[Extracted records Boundary: Start]
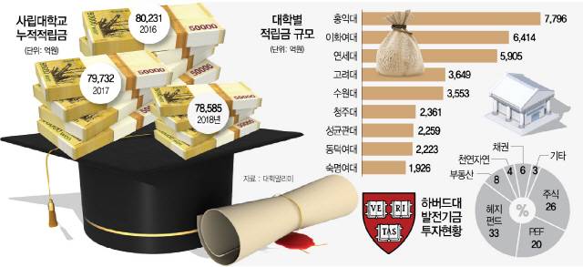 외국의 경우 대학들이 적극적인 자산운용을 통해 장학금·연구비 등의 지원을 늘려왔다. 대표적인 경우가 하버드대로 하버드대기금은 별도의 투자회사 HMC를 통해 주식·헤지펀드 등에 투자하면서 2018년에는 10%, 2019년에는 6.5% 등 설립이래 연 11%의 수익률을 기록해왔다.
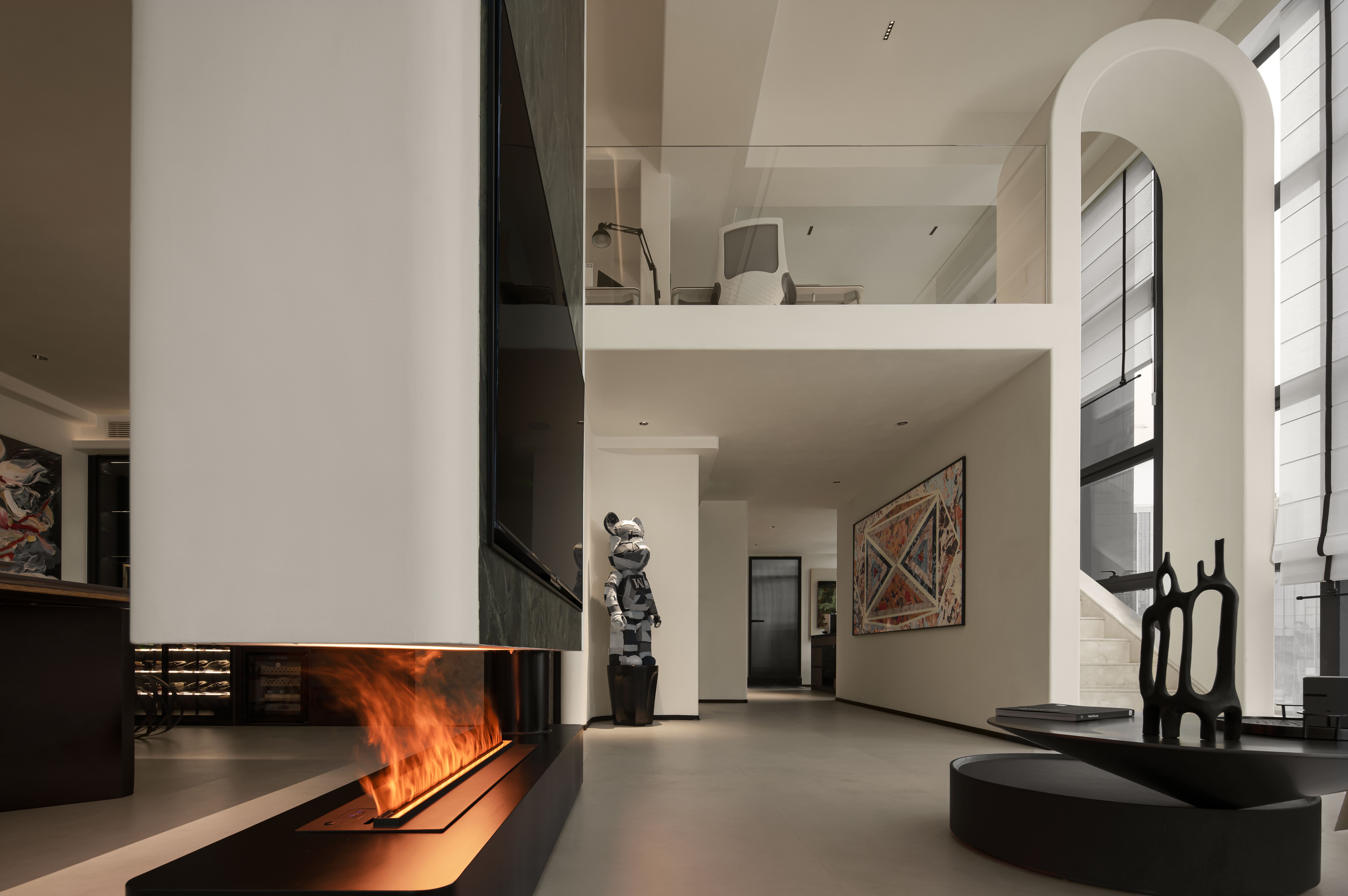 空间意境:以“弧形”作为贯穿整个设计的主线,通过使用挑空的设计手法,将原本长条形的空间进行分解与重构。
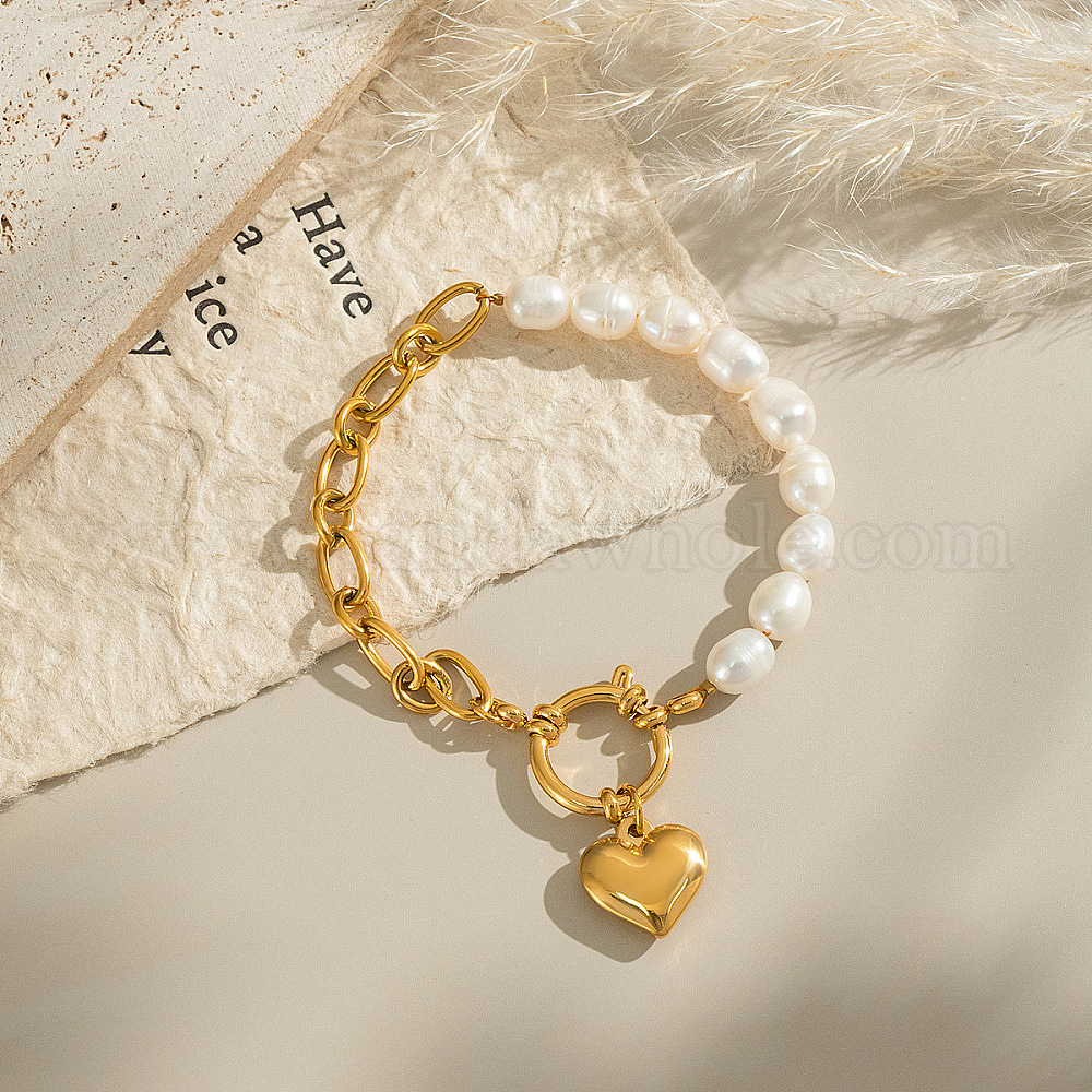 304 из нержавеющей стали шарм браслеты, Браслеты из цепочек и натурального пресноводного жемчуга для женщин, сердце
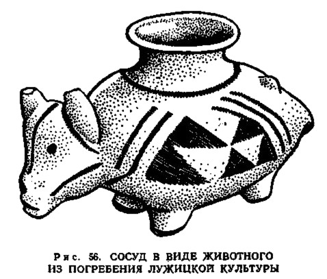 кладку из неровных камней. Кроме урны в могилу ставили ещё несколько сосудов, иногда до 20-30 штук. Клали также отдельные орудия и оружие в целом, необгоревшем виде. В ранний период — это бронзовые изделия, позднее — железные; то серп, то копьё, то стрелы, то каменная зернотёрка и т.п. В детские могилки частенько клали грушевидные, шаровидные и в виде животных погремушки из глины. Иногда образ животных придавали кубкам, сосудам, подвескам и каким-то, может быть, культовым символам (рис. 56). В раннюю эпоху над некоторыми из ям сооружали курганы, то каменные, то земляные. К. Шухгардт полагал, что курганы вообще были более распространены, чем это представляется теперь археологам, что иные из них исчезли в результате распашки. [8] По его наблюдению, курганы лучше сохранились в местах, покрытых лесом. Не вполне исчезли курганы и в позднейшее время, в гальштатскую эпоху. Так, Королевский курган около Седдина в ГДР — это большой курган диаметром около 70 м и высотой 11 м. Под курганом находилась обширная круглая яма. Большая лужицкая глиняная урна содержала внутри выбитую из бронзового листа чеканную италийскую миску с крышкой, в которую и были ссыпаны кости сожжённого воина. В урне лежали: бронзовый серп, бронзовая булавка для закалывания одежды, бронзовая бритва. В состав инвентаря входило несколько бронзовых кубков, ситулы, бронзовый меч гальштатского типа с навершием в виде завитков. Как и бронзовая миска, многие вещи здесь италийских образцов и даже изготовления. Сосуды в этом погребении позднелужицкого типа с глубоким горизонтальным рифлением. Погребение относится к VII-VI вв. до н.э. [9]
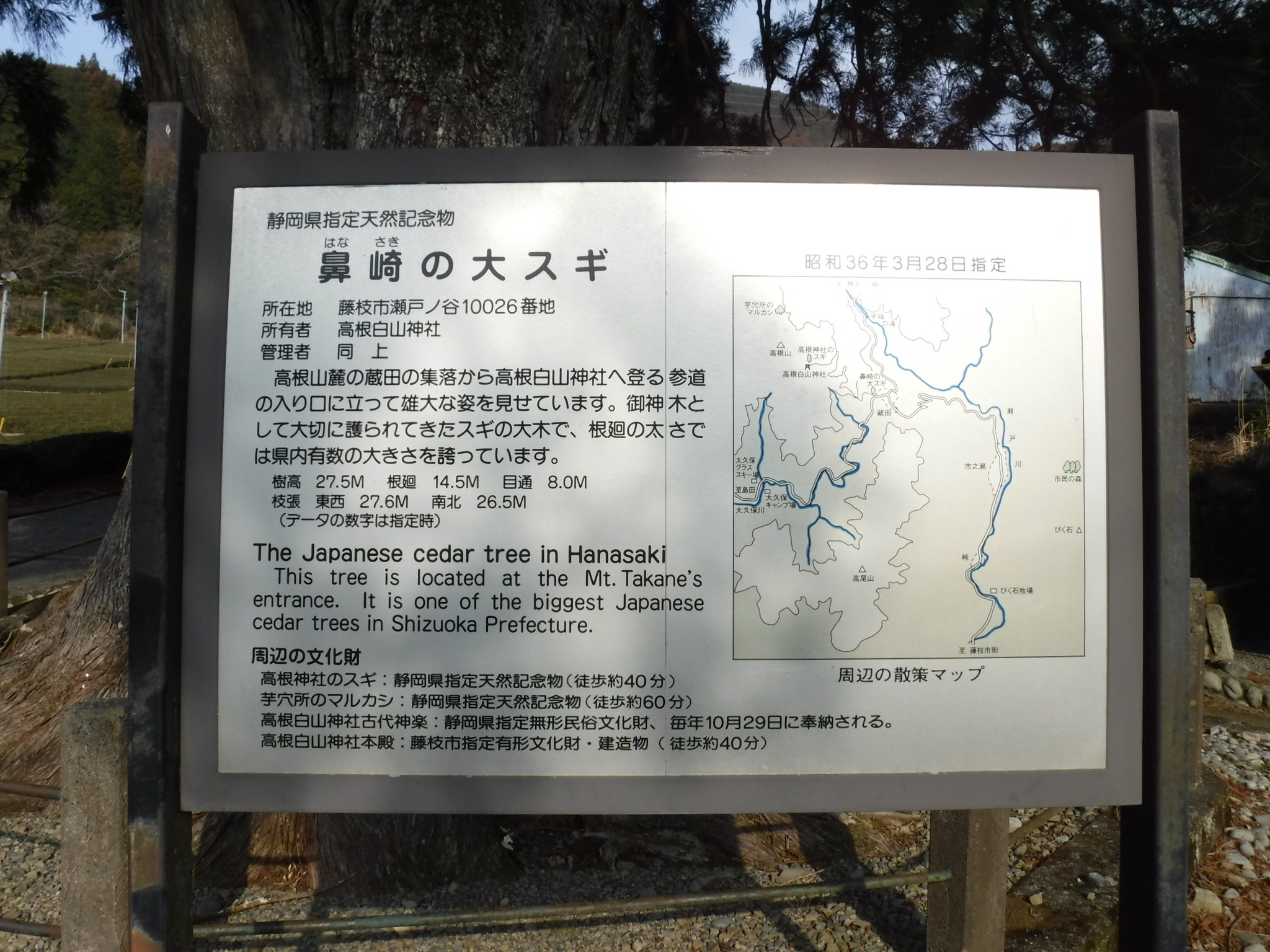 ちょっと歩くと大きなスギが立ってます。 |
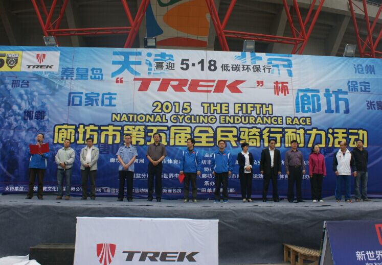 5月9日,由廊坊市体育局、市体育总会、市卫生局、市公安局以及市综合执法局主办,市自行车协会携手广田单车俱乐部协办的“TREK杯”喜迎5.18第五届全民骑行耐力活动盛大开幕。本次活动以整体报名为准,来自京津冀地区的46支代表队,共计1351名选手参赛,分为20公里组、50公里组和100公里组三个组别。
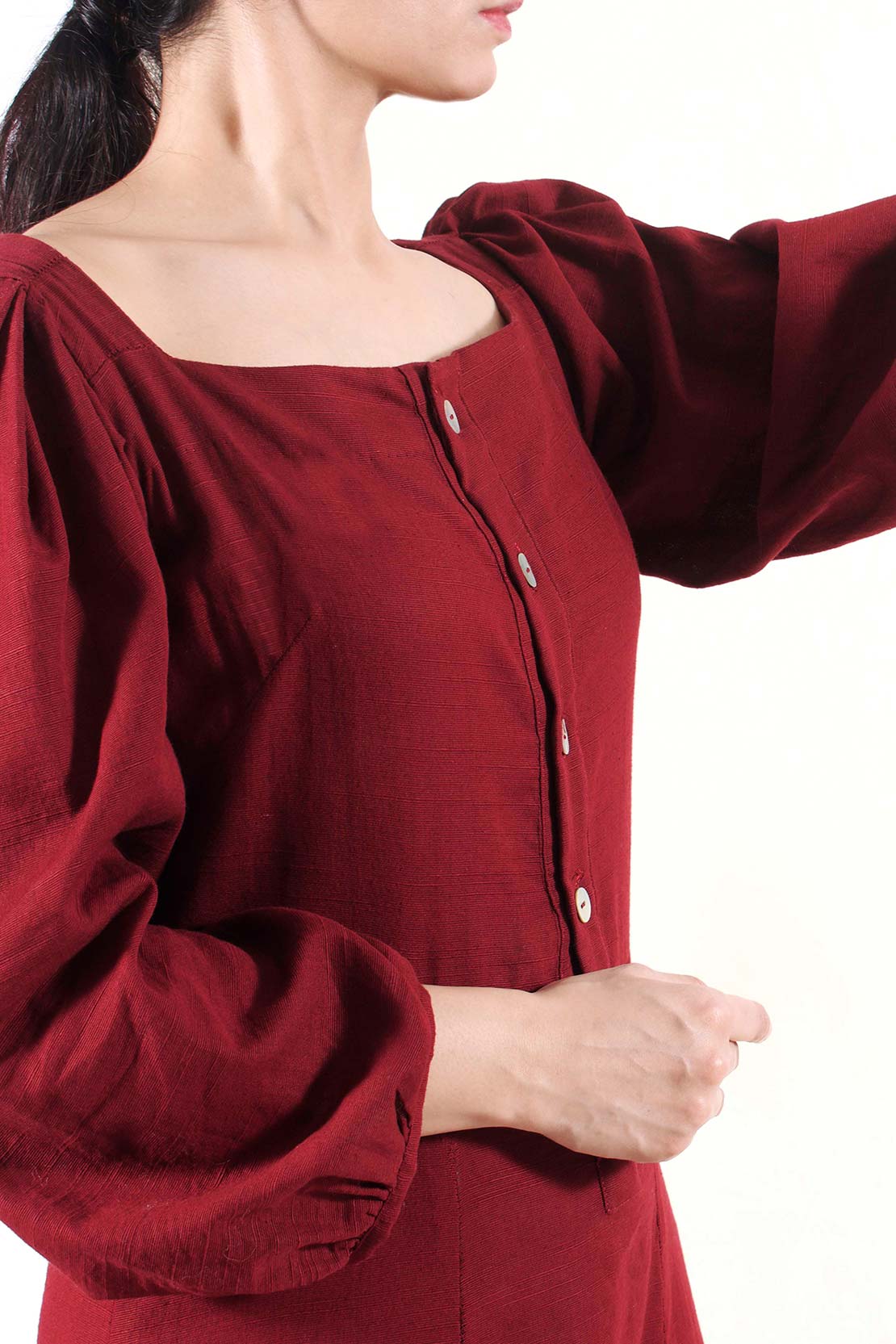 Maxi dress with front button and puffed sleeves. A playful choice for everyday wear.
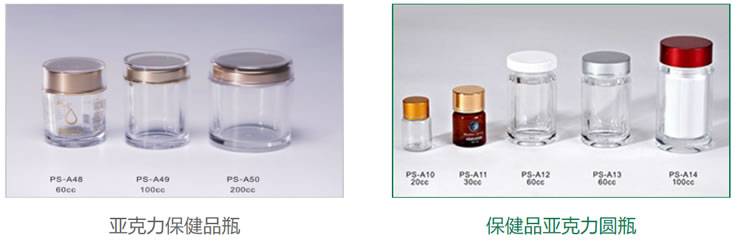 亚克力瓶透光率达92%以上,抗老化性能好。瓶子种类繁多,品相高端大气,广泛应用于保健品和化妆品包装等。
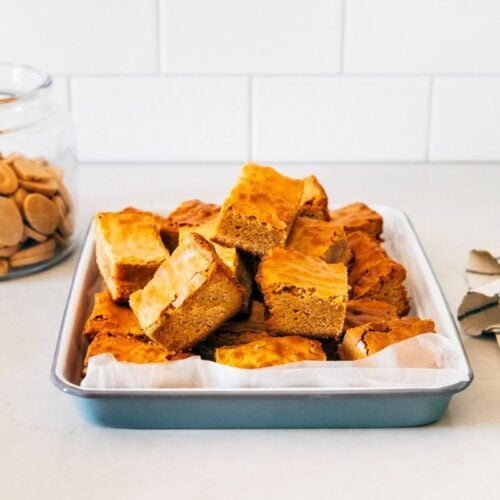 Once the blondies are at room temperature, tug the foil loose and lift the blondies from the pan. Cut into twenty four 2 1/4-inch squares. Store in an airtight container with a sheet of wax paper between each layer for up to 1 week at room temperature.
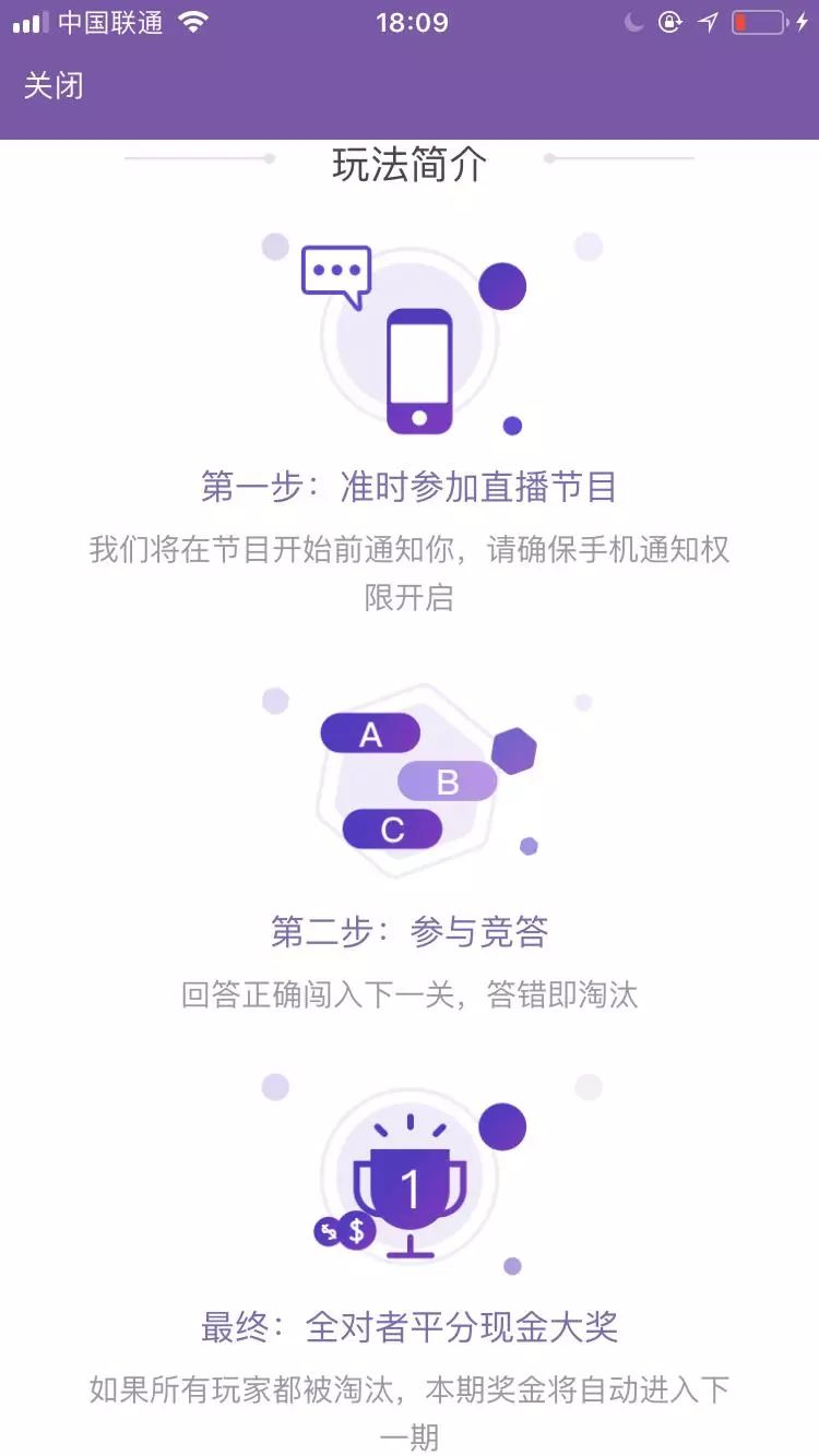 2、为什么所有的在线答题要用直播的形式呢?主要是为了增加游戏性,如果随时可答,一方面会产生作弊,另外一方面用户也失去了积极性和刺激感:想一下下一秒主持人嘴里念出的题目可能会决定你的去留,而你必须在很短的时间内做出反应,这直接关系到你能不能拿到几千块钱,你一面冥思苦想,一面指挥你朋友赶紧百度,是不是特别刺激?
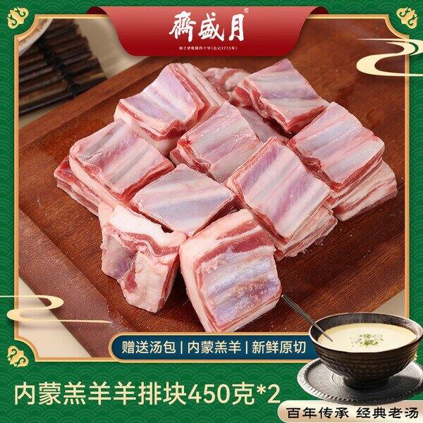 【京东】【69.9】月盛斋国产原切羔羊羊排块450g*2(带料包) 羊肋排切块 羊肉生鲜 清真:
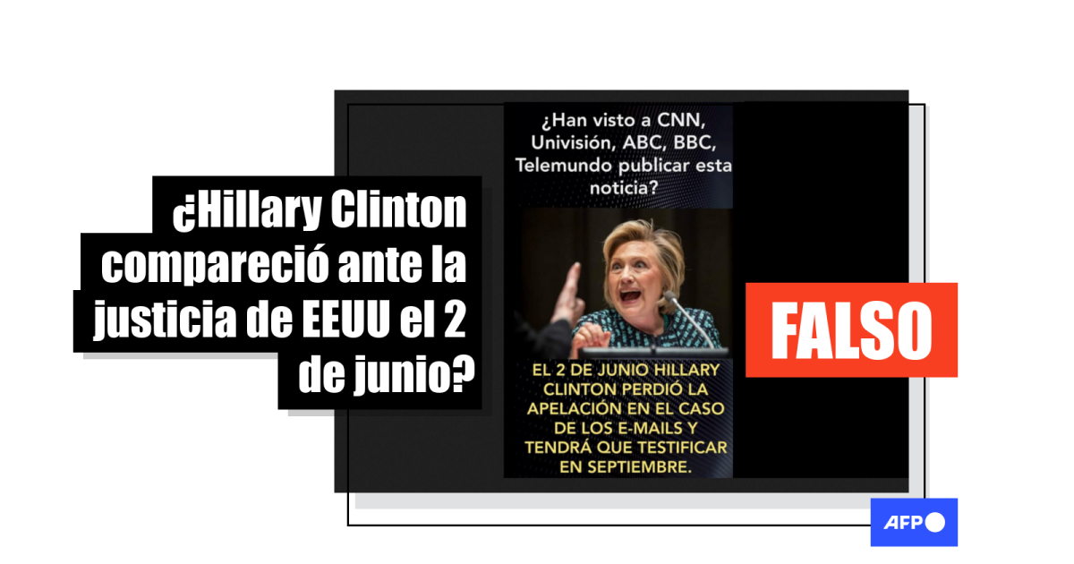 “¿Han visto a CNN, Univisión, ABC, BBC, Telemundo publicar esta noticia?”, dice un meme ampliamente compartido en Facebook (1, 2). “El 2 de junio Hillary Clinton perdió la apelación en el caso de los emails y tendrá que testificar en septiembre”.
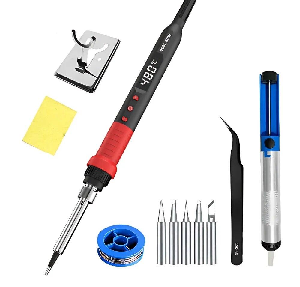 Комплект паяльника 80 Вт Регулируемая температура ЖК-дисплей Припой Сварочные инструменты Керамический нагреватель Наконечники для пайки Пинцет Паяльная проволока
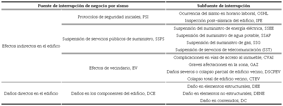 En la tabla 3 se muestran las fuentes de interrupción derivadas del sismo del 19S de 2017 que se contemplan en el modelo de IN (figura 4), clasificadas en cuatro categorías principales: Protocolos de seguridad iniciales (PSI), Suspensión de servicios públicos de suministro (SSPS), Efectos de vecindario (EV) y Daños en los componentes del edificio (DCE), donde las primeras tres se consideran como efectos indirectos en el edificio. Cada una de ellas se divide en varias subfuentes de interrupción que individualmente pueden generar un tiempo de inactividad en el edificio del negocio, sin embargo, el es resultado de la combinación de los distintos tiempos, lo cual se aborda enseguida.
[Extracted records Boundary: End]
→ The problem: A word-for-word transcription of the listing is needed, minus its images.

→ Answer box:
 외국의 경우 대학들이 적극적인 자산운용을 통해 장학금·연구비 등의 지원을 늘려왔다. 대표적인 경우가 하버드대로 하버드대기금은 별도의 투자회사 HMC를 통해 주식·헤지펀드 등에 투자하면서 2018년에는 10%, 2019년에는 6.5% 등 설립이래 연 11%의 수익률을 기록해왔다.
 空间意境:以“弧形”作为贯穿整个设计的主线,通过使用挑空的设计手法,将原本长条形的空间进行分解与重构。
 304 из нержавеющей стали шарм браслеты, Браслеты из цепочек и натурального пресноводного жемчуга для женщин, сердце
 кладку из неровных камней. Кроме урны в могилу ставили ещё несколько сосудов, иногда до 20-30 штук. Клали также отдельные орудия и оружие в целом, необгоревшем виде. В ранний период — это бронзовые изделия, позднее — железные; то серп, то копьё, то стрелы, то каменная зернотёрка и т.п. В детские могилки частенько клали грушевидные, шаровидные и в виде животных погремушки из глины. Иногда образ животных придавали кубкам, сосудам, подвескам и каким-то, может быть, культовым символам (рис. 56). В раннюю эпоху над некоторыми из ям сооружали курганы, то каменные, то земляные. К. Шухгардт полагал, что курганы вообще были более распространены, чем это представляется теперь археологам, что иные из них исчезли в результате распашки. [8] По его наблюдению, курганы лучше сохранились в местах, покрытых лесом. Не вполне исчезли курганы и в позднейшее время, в гальштатскую эпоху. Так, Королевский курган около Седдина в ГДР — это большой курган диаметром около 70 м и высотой 11 м. Под курганом находилась обширная круглая яма. Большая лужицкая глиняная урна содержала внутри выбитую из бронзового листа чеканную италийскую миску с крышкой, в которую и были ссыпаны кости сожжённого воина. В урне лежали: бронзовый серп, бронзовая булавка для закалывания одежды, бронзовая бритва. В состав инвентаря входило несколько бронзовых кубков, ситулы, бронзовый меч гальштатского типа с навершием в виде завитков. Как и бронзовая миска, многие вещи здесь италийских образцов и даже изготовления. Сосуды в этом погребении позднелужицкого типа с глубоким горизонтальным рифлением. Погребение относится к VII-VI вв. до н.э. [9]
 ちょっと歩くと大きなスギが立ってます。 |
 5月9日,由廊坊市体育局、市体育总会、市卫生局、市公安局以及市综合执法局主办,市自行车协会携手广田单车俱乐部协办的“TREK杯”喜迎5.18第五届全民骑行耐力活动盛大开幕。本次活动以整体报名为准,来自京津冀地区的46支代表队,共计1351名选手参赛,分为20公里组、50公里组和100公里组三个组别。
 Maxi dress with front button and puffed sleeves. A playful choice for everyday wear.
 亚克力瓶透光率达92%以上,抗老化性能好。瓶子种类繁多,品相高端大气,广泛应用于保健品和化妆品包装等。
 Once the blondies are at room temperature, tug the foil loose and lift the blondies from the pan. Cut into twenty four 2 1/4-inch squares. Store in an airtight container with a sheet of wax paper between each layer for up to 1 week at room temperature.
 2、为什么所有的在线答题要用直播的形式呢?主要是为了增加游戏性,如果随时可答,一方面会产生作弊,另外一方面用户也失去了积极性和刺激感:想一下下一秒主持人嘴里念出的题目可能会决定你的去留,而你必须在很短的时间内做出反应,这直接关系到你能不能拿到几千块钱,你一面冥思苦想,一面指挥你朋友赶紧百度,是不是特别刺激?
 【京东】【69.9】月盛斋国产原切羔羊羊排块450g*2(带料包) 羊肋排切块 羊肉生鲜 清真:
 “¿Han visto a CNN, Univisión, ABC, BBC, Telemundo publicar esta noticia?”, dice un meme ampliamente compartido en Facebook (1, 2). “El 2 de junio Hillary Clinton perdió la apelación en el caso de los emails y tendrá que testificar en septiembre”.
 Комплект паяльника 80 Вт Регулируемая температура ЖК-дисплей Припой Сварочные инструменты Керамический нагреватель Наконечники для пайки Пинцет Паяльная проволока
 En la tabla 3 se muestran las fuentes de interrupción derivadas del sismo del 19S de 2017 que se contemplan en el modelo de IN (figura 4), clasificadas en cuatro categorías principales: Protocolos de seguridad iniciales (PSI), Suspensión de servicios públicos de suministro (SSPS), Efectos de vecindario (EV) y Daños en los componentes del edificio (DCE), donde las primeras tres se consideran como efectos indirectos en el edificio. Cada una de ellas se divide en varias subfuentes de interrupción que individualmente pueden generar un tiempo de inactividad en el edificio del negocio, sin embargo, el es resultado de la combinación de los distintos tiempos, lo cual se aborda enseguida.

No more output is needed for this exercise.